Após considerações sobre aspectos morfológicos das construções com verbos estativos, versamos agora sobre aspectos sintáticos. Compreendemos, retomando Hopper & Thompson (1980), que transitividade é uma propriedade da oração e não apenas no verbo; assim também, ela se estende em um contínuo de maior ou menor transitividade, e não apenas de modo binário – transitivo/intransitivo.

Os 10 parâmetros de transitividade oracional, bem como o modo com que cada um afeta a transitividade da oração, foram descritos no capítulo sobre pressupostos teóricos, mas é necessário apenas mencioná-los novamente:

1- Participantes 2- Cinese 3- Aspecto 4- Pontualidade 5- Intencionalidade 6- Afirmação 7- Modo 8- Agentividade 9- Afetamento do objeto 10- Individuação do objeto

Analisamos construtos com verbos estativos sob cada um desses parâmetros, com auxílio das reflexões de Furtado da Cunha e Souza (2007) e, sobretudo, Abraçado & Kennedy (2014).
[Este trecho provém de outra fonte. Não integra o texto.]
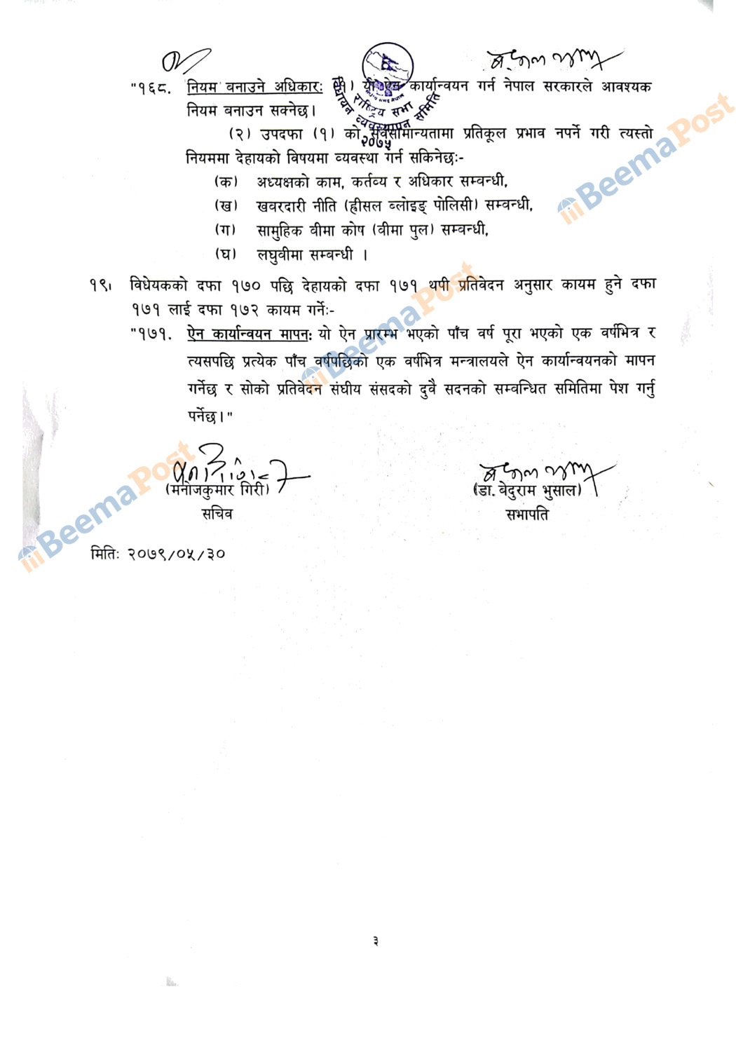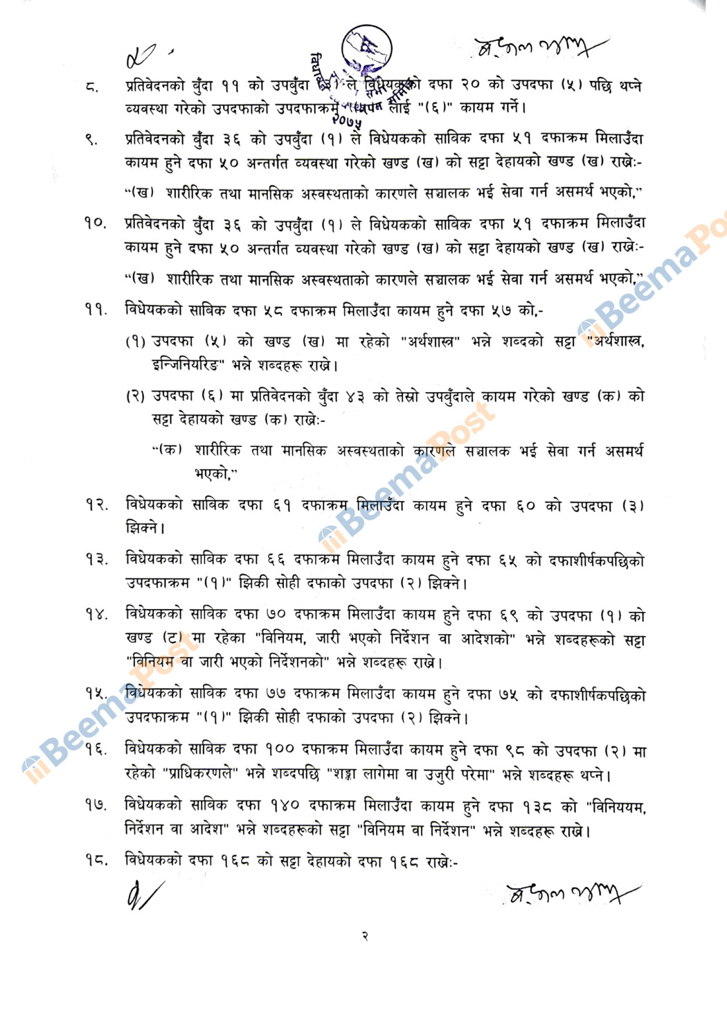 राष्ट्रियसभाका बीमा विधेयकमाथि १९ बुँदे संशोधन, के के भए परिवर्तन ? (प्रतिवेदनसहित)

Após as análises, observamos, não apenas o comportamento sintático das construções, como também quais dos parâmetros se relacionam com fatores amplos e funcionais, como as necessidades pragmáticas ou a carga semântica do próprio verbo, e quais se relacionam a fatores formais, como o comportamento morfológico do verbo. Tivemos especial atenção ao sufixo estativo –ē, objeto desta pesquisa. Na explanação,

partiremos daqueles parâmetros que observamos ter menos relação com aspectos formais e chegaremos àqueles que têm maior relação com esses aspectos, sobretudo com o sufixo em questão.

O primeiro parâmetro – número de participantes – já foi abordado aqui anteriormente (cf. p. 55), como vimos no gráfico 2. Observamos que há poucos casos em que um verbo estativo aparece nas duas construções, com um ou com dois argumentos. Com base nos gráficos, de todos os exemplos de construções com verbos estativos 129 são de construções de posse (com habeo e teneo) e 137 são construções impessoais, isto é, 266 de 412 são construções que se fixaram em relação ao número de argumentos. Além dessas, mais numerosas, outras ocorrências importantes são fixas em relação ao número de participantes, como as ocorrências com os já mencionados verbos taceo e ualeo, sempre monoargumentais.

Entre os verbos que figuram nas construção com um ou com dois participantes, destacam os verbos gaudeo (estar alegre), com alguns exemplos no segundo capítulo (cf. p. 36) e o verbo oleo (exalar odor), e também seus compostos como oboleo (estar fedendo) com algumas ocorrências.

(8)

MERC. Olet homo quidam malo suo. SOS. ei, numnam ego obolui? (Amphitryon, 321)

MERC – Certo homem cheira por causa de seu mal. SOS – EI, por acaso eu fedi?